The door of the hotel room is already locked, but he pushes a chair under the handle to slow the men who’ll be coming to break it down. Then he walks over to the window and looks out and down, down all those many stories to the street below. He could do for himself the same way he did for McCabe and he will, if he has to, but he wants a few more minutes, first. He can hear the men out in the hallway, already, hear their muffled shouts and the banging on the door. It won’t be long until they’re inside. He looks down at the gun in his hand.
Three shots are enough to shatter the window and then he steps out. For a moment, he’s flying, flying as he sometimes does in his own dreams, and then he stops dreaming for good.
✻ ✻ ✻
“We’re so goddamned arrogant,” McCabe had said in that room, in the heart of the Labyrinth. “We think we’re the masters of this place, the makers of it, that it sits out here for our entertainment, our enlightenment, our edification. But we’re fools and we’re wrong. That’s the secret, Kendrick, just that.
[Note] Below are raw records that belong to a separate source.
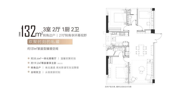 约132平的户型,做到3室2厅2卫,因为都是转角边户,采光和通风都非常好,客餐厅面积超18㎡,主卧带独立卫浴,空间感和尺度都做的很到位,完全可以满足三代同堂的居住需求。海派风情的装修,高雅艺术感十足,更是加了不少分。这个户型也是热度很高的一个户型,肯定是不愁卖。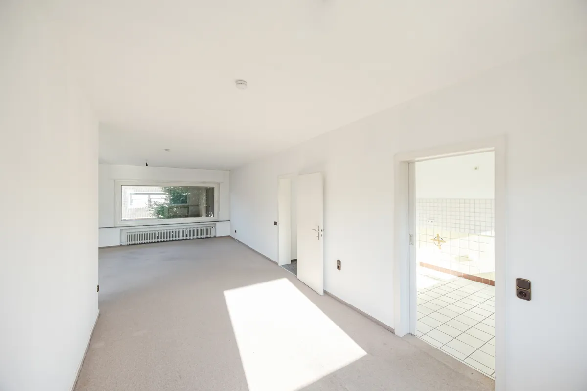 Sie haben die Wahl: Das bestehende Haus kann saniert und als großzügiges Einfamilienhaus oder komfortables Mehrgenerationenhaus genutzt werden. Das Dachgeschoss ist nicht ausgebaut. Die Grundrisse eignen sich hervorragend für beide Varianten, und das weitläufige Grundstück bietet ausreichend Platz für eine große Gartenfläche. Ebenso besteht die Möglichkeit, das vordere Haus zu modernisieren und das Grundstück zu teilen. Auf dem hinteren Teil könnte ein Neubau entstehen, der selbst genutzt, vermietet oder verkauft werden kann. Nach den Vorgaben des Bebauungsplans ist hier sogar die Errichtung eines Doppelhauses denkbar. Wer noch größere Pläne verfolgt, kann den Bestand auch vollständig abreißen und das Grundstück gemäß den vielfältigen Festsetzungen des B-Plans neu entwickeln.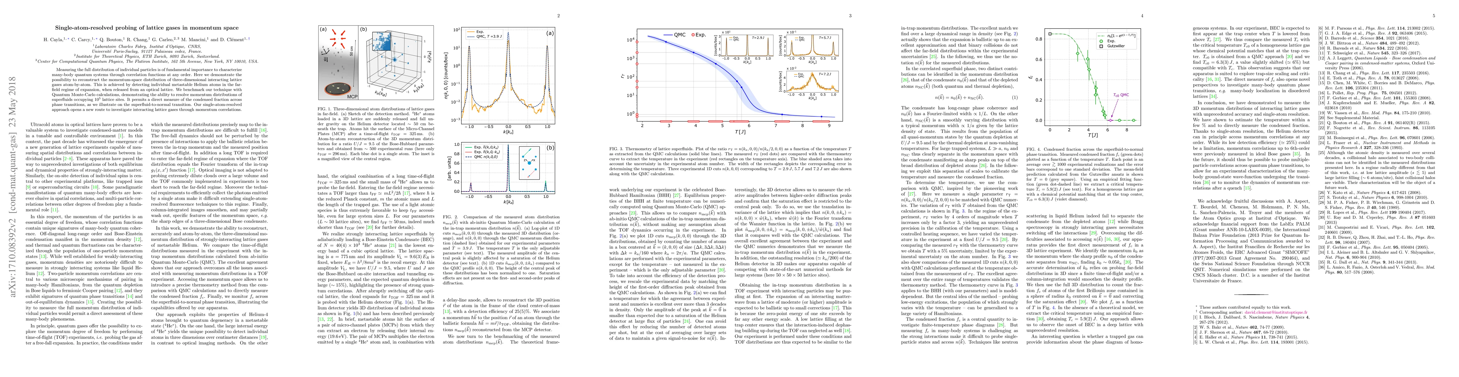 This research presents a method to map the momentum-space distribution of 3D interacting lattice gases atom-by-atom by detecting individual metastable Helium atoms post-release from an optical lattice. The technique, verified through Quantum Monte-Carlo calculations, resolves distributions for systems with up to $10^5$ lattice sites, enabling direct measurement of condensed fractions across phase transitions, as demonstrated on the superfluid-to-normal transition. This single-atom resolution paves the way for new investigations into interacting lattice gases via momentum correlations.

“Look at this place. Look around. It doesn’t seem familiar, does it? This isn’t something we made with our thoughts, our wishes, our prayers. This place is a dream, of course it is; what else could it be? But it’s not our dream.” And here, he had pulled down the curtain, torn it from the wall, and Kendrick had felt himself carried to the window to look out across a vast expanse, like an alien planet, with hillocks that darted at the movement of the eyes beneath, and vistas that rose and fell with gigantic breath. He had seen the great, dreaming, cyclopean thing and he had finally understood.